When the body has been placed in the grave, earth is put in about as high as its waist. The karta, or chief mourner, then takes the lingam of the deceased out of its receptacle, which is usually a kind of silver sarcophagus, suspended from the neck, and having bathed and worshipped it, he places it in the left hand of the dead person, where it is allowed to remain, to be buried with the body. The priest then repeats a mantram, the karta joining in with him, during which he, the karta, takes up a handful of earth and throws it into the grave. This answers to the setting fire to the pile in the case of those who practise cremation. The mantram thus repeated is as follows :—
" Become united with Siva."
It is commonly said that the skull of the deceased person is now broken by a blow given with a cocoanut, in order to facilitate the escape of the soul from the body through the aperture. I am assured, however, by those who bury that this is not the case. In the case of Sanyasis, however, this is actually done, but why I do not know. After the mantram, the friends present also throw in handfuls of earth, and finally they fill up the grave, and raise a low mound over it. In the middle of this mound they form with mud the shape of a lingam, and at each of the four corners a rough model of a bull. The bull is sacred to Siva, as the animal on which he rides. They worship the lingam and the bull and then proceed home, after bathing in a tank or river.

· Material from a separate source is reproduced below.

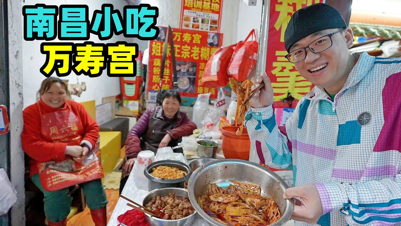 江西南昌的萬壽宮不僅僅是廟會,這裡的街區隱藏了南昌眾多小吃,很多人從小吃到大的美食。阿星走街串巷吃小吃,刷醬臭豆腐,辣鹵的蓮菜,麻辣腸結,寓意吉祥的糊羹,油炸煎餅,大鍋水煮,還有江西必吃的瓦罐湯,都是地道的南昌美味。 The Wanshou Palace in Nanchang, Jiangxi province is not only a temple fair, but many snacks in Nanchang are hidden in the blocks here. Axing walks the streets and alleys to eat snacks, stinky tofu with soy sauce, spicy braised lotus vegetables, and spicy Changjie, the auspicious Hugeng, deep-fried pancake, big pot Shuizhu, there is also a must-eat crock soup in Jiangxi, all of which are authentic Nanchang delicacies.
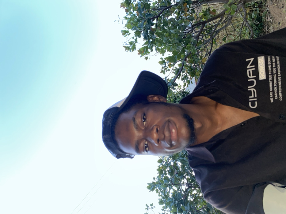 A male individual is depicted outdoors in a vertical-format, eye-level shot, positioned centrally. He is of apparent African descent, with dark skin, short dark hair, and a slight goatee. He wears a dark, collared shirt with the top three buttons undone and a black baseball cap with a white mesh back, worn backward. The shirt's left side features white text, including "CIYUAN", "GONGSI", and smaller lines below that read "WE ARE COMMITTED TO THE EOREN EASHION.TOBRING YOU THE NEW COMPREHENSIVE EASHION INFOS". He gazes directly at the camera with a neutral expression. The background consists of dense green foliage from trees or bushes, with a light-colored structure partially visible behind the foliage on the right. The upper background is a clear, light blue sky, traversed by thin dark lines (likely power or communication wires) in the upper left quadrant. The scene is illuminated by natural daylight. The depicted location is Udu, Nigeria.

The Lingadharis who wear the sacred thread, before they leave the grave cook some rice, and give it to the cows to eat, if any are near ; if not they then throw it into a river or tank. On reaching home they place a lighted lamp on the spot where the deceased breathed his last, and then the chief mourner and the puróhita with several friends, partake of a meal in company. For the ten days succeeding the funeral, the karta with the puróhita and friends proceed daily to the grave for worship. They worship the lingam and the bulls which have been made on the grave, by sprinkling them with vibuthi mixed with water, and by scattering over them flowers and coloured rice, as well as bits of cocoanut and sugar. At the same time they repeat the thousand names of Siva and various mantrams. On the tenth and final day, the earthen emblems of the lingam and the bulls are levelled on the mound, and thus disappear. Sometimes, if the friends can afford it, they will build a monument over the grave, just as those who burn their dead sometimes do near the place of cremation. They may also have a small bull made of stone, which they place on the grave as a monument. The following is a specimen of the mantrams thus said at the grave on these daily visits ; it is said to be taken from the " Skanda Purana " :—
" I adore him who fills the universe,
who is without beginning, Solitary, pure, eternal, above all, without parts or passions;
Who is worshipped with thousands of lotus-petals and rice procured by me;
Who, eternally happy, pervades all things, shining in my soul with unbounded beauty ;
Whose nature is truth, who being invisible can assume any form, the Supreme God."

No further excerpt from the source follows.